Various factors affecting the loading of drugs in Erythrocytes include:
- Drug concentration
- Haematocrit value
- Lysing time
- Resealing time
- Magnetite concentration (Magnetites, for example ferro-fluids, upon entrapment in erythrocyte ghosts can be directed to deliver the entrapped drug under the influence of externally applied magnetic fields)
- Temperature (low temperature for the lysis in order to allow high entrapment of exogenous molecules; high temperature, 37oC, for optimal resealing in order to obtain discocyte cells that are capable to survive in circulation)
Release Characteristics of Loaded Drugs 14, 15: These are important to study so as to control efflux rate before constant release rate over prolonged period can be achieved. There are mainly three ways for a drug to efflux out from erythrocyte carriers.
- Phagocytosis: RBC’s are normally removed from circulation by process of phagocytosis following heat treatment or antibody cross linking. The drug could be released from macrophages after phagocytosis if linkage is susceptible to lysosomal enzymes.
- Diffusion through the cell membrane: The rate of diffusion depends upon the rate at which a particular molecule penetrates through a lipid bilayer. It is greatest for a molecule with high lipid solubility. Hence considerable control over the rate of drug release is possible by introducing or eliminating polar or charged substituent.
- Using a specific transport system: Many substances enter cells by specific membrane protein system because the carriers are proteins and specific as that of enzymes. Moderate modification in compound can often alter the rate of exit.

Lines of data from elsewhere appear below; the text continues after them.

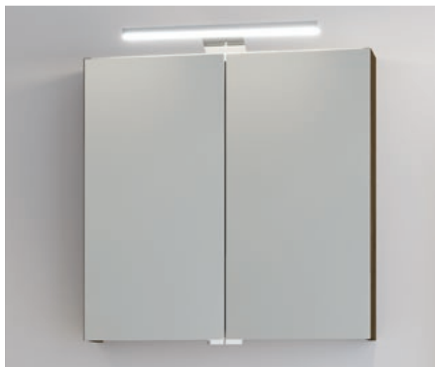
Optima S Spiegelschrank mit LED-Aufsatzleuchte

Die Mineralgusswaschtische haben eine schmutzabweisende Oberfläche und sind mit dem „Clou“ Ab- und Überlaufsystem für Waschtische ohne sichtbare Überlauföffnung ausgestattet. Die Spiegelschranktüren sind beidseitig verspiegelt und die Glaseinlegeböden höhenverstellbar. Ob in modernem Weiß oder in dunkler Holzoptik „Marone Dekor Trüffel“ – die Optima S Badmöbel sind auf jeden Fall ein Hingucker und werden von der LED-Aufsatzleuchte ins rechte Licht gerückt.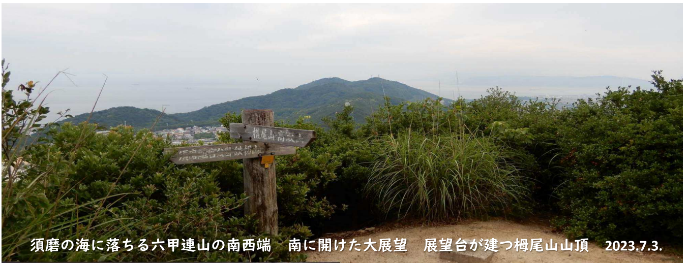
須磨の海に落ちる六甲連山の南西端 南に開けた大展望 展望台が建つ榎尾山山頂 2023.7.3.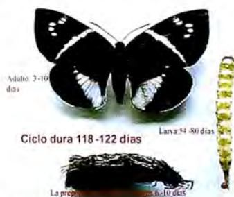
Figura 6. Ciclo de vida del gusano tornillo.

Biología y Hábitos. Esta plaga es bastante limitante en zonas cálidas y húmedas generalmente hasta los 1.000 m.s.n.m. Los adultos son mariposas diurnas, que vuelan en las mañanas en grupos pequeños a una altura de un metro sobre el suelo. Sus alas anteriores son de color café oscuro con una banda blanca que las atraviesa diagonalmente y cinco manchas pequeñas en un solo grupo, hacia el extremo del ala. Las alas posteriores son de color café con un triángulo blanco en la parte posterior: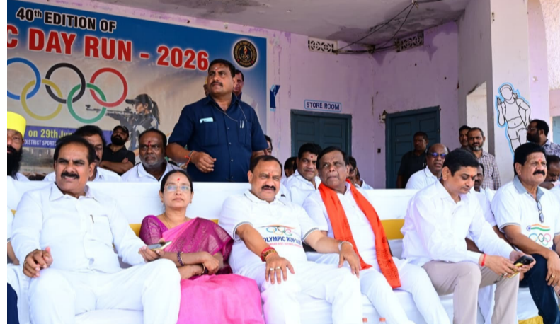
బలోపేతం చేసి యువతను ఆరోగ్యవంతం చేయాలని మహాత్మా కుమార్ గాంధీ మైన సమాజ నిర్వాహంలో భాగస్వామ్యం

అవసరమైన ప్రోత్సాహం అందించాల్సిన అవసరం ఉందన్నారు. యువత ఆరోగ్య వంతమైన జీవనశైలిని అలవర్చుకోవాలని సూచించారు. ఒలింపిక్ డే రన్ ద్వారా ప్రజల్లో ఆరోగ్యంపై అవగాహన పెంపొందించడంతో పాటు క్రీడల పట్ల ఆసక్తిని పెంచే ప్రయత్నం జరుగుతోందని నిర్వాహకులు తెలిపారు. పెద్ద సంఖ్యలో క్రీడాకారులు, విద్యార్థులు, యువత ఈ కార్యక్రమంలో పాల్గొని విజయవంతం చేశారు. ఈ కార్యక్రమంలో జిల్లా ఒలింపిక్ సంఘం ప్రతినిధులు, క్రీడా సంఘాల నాయకులు, ప్రజాప్రతినిధులు, విద్యార్థులు, యువజన సంఘాల సభ్యులు పాల్గొన్నారు. క్రీడా సంస్కృతిని మరింత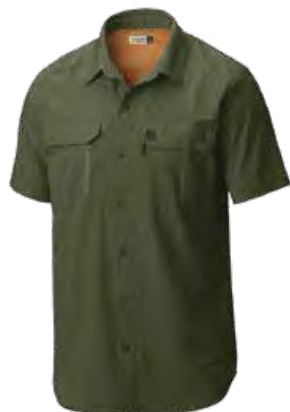
397 STONE GREEN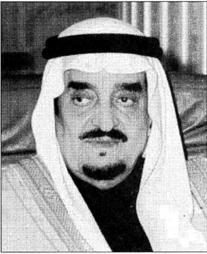
○ خادم الحرمين الشريفين

يقوم صاحب السمو الملكي الأمير عبدالله بن عبدالعزيز ولي العهد ونائب رئيس مجلس الوزراء ورئيس الحرس الوطني مساء اليوم بزيارة تفقدية لمرافق مركز الملك عبدالعزيز التاريخي والذي رعى افتتاحه خادم الحرمين الشريفين الملك فهد بن عبدالعزيز في الخامس من شهر شوال الماضي وتولت الاشراف على انشائه الهيئة العليا لتطوير مدينة الرياض برئاسة صاحب السمو الملكي الأمير سلمان بن عبدالعزيز أمير منطقة الرياض والذي وضع حجر الأساس للمركز وتابع انشاءه حتى أنجز في فترة قياسية. وفيما يلي جولة استطلاعية عن المركز: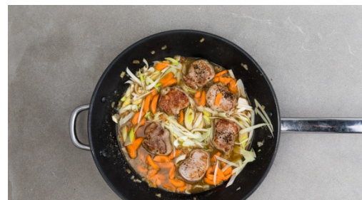
5. Sauce fertigstellen

Das Fleisch trocken tupfen, von ggf. vorhandenen Sehnen befreien und quer zur Faser in ca. 2cm dicke Medallions schneiden.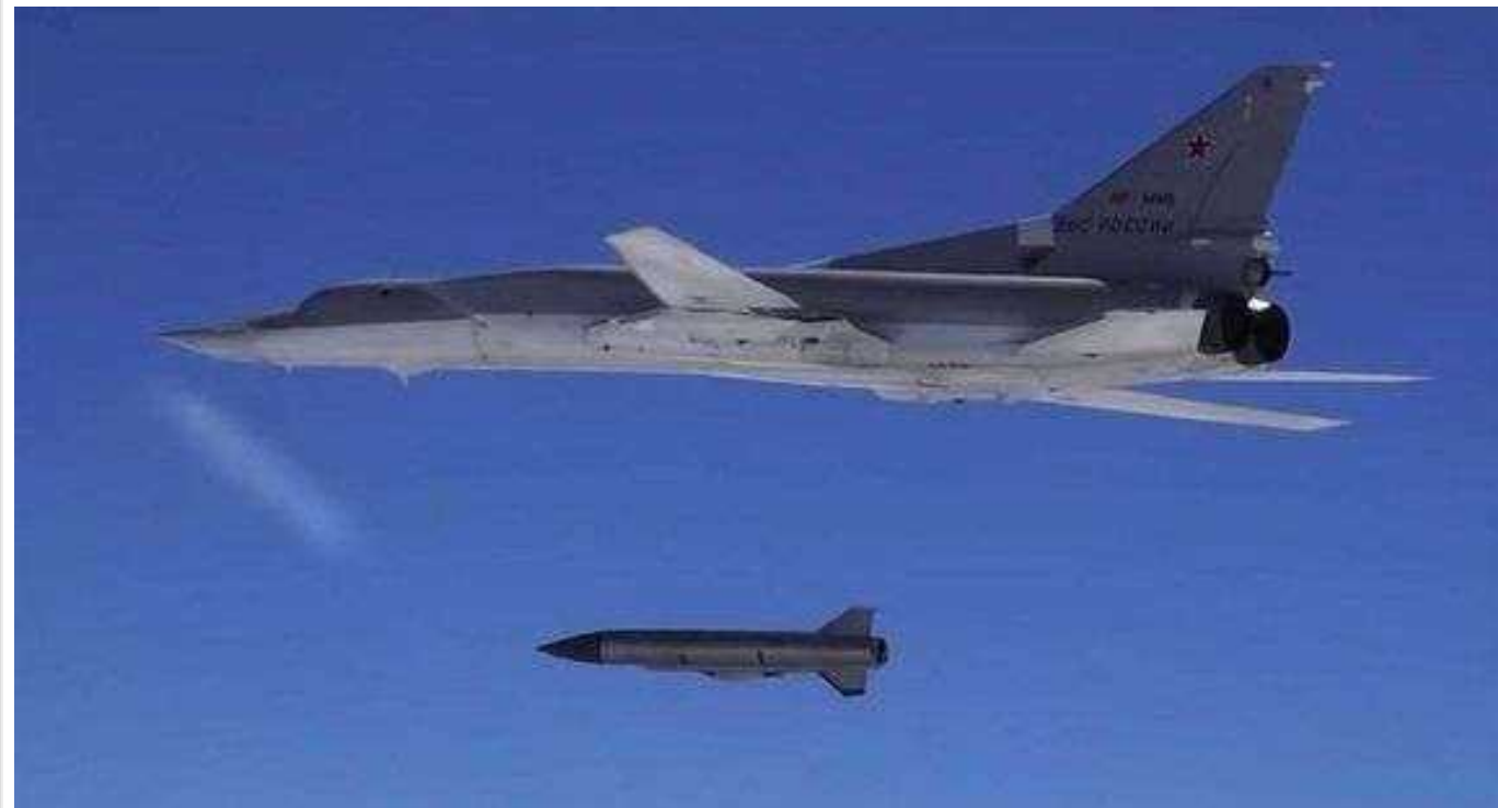
Окупанти завдали авіаудару по Козачій Лопані: пошкоджені будинки та ЛЕП

Росіяни завдали удару авіабомбами по прикордонній Козачій Лопані на Харківщині.

- The release of drugs from erythrocytes rapidly follows sustained release profile and rate of exit is proportional to instantaneous intracellular drug concentration i.e. first order kinetics. However, erythrocytes’ carriers have the potential of releasing encapsulated substance following zero order kinetics. By incorporating polymers, release pattern may be modified. If the drug is encapsulated in a random population of erythrocytes, then constant fraction of cells will be removed each day and constant amount of drug will be made available each day.
Routes of Administration: It had been proposed that the survival of erythrocytes in circulation by intraperitoneal injection was equivalent to their administration by i.v. injection. Subcutaneous route was also evaluated for slow release of entrapped agents. Moreover erythrocytes based nasal delivery of propanolol had also been proposed.
Storage of Erythrocytes: The storage of resealed erythrocytes places a major challenge in their practical utility as drug delivery system and is important pre-requisite for the erythrocytes as a drug carrier. The Encapsulated preparation should be stored in such a way that there should be no loss of integrity. There are following methods for the storage of loaded erythrocytes:
I. Suspending in Hank’s balanced salt solution at 4oC for two weeks.
II. After encapsulation suspending the cells in oxygenated Hank’s balanced salt solution containing 1% soft bloom gelatin. The cells can be recovered by liquefying the gel by placing the tubes in water bath at 37oC and centrifugation under clinical conditions.
III. Or Cryopreservation of erythrocytes at liquid nitrogen temperature.
Stability and cross linking of Resealed Erythrocytes: The cells treated with dimethyl sulfoxide,dimethyl-3,3 dithiobis propionamide, toluene 2,4-diisocynate and glutaraldehyde are even resistant to sonication, freezing and thawing. Osmotic fragility tests demonstrate that the RBC which survives the cross linking process display a very similar hemolysis curve as produced by normal RBC.
Talwar and jain collected glutaraldehyde (0.2%) treated erythrocytes in a sintered glass funnel by filtration and dried in vacuum (200 mm Hg) for 10 hour. Alternatively the erythrocyte suspension was filled into vials and lyophilized at -40oC to 0.01 torr using a laboratory lyophilizer. The dried powder was filled in amber color glass vials and stored at 4oC for a month. Improvement in shelf life of the carrier erythrocytes was achieved by storing the cells in powder form, ready for reconstitution at 4oC.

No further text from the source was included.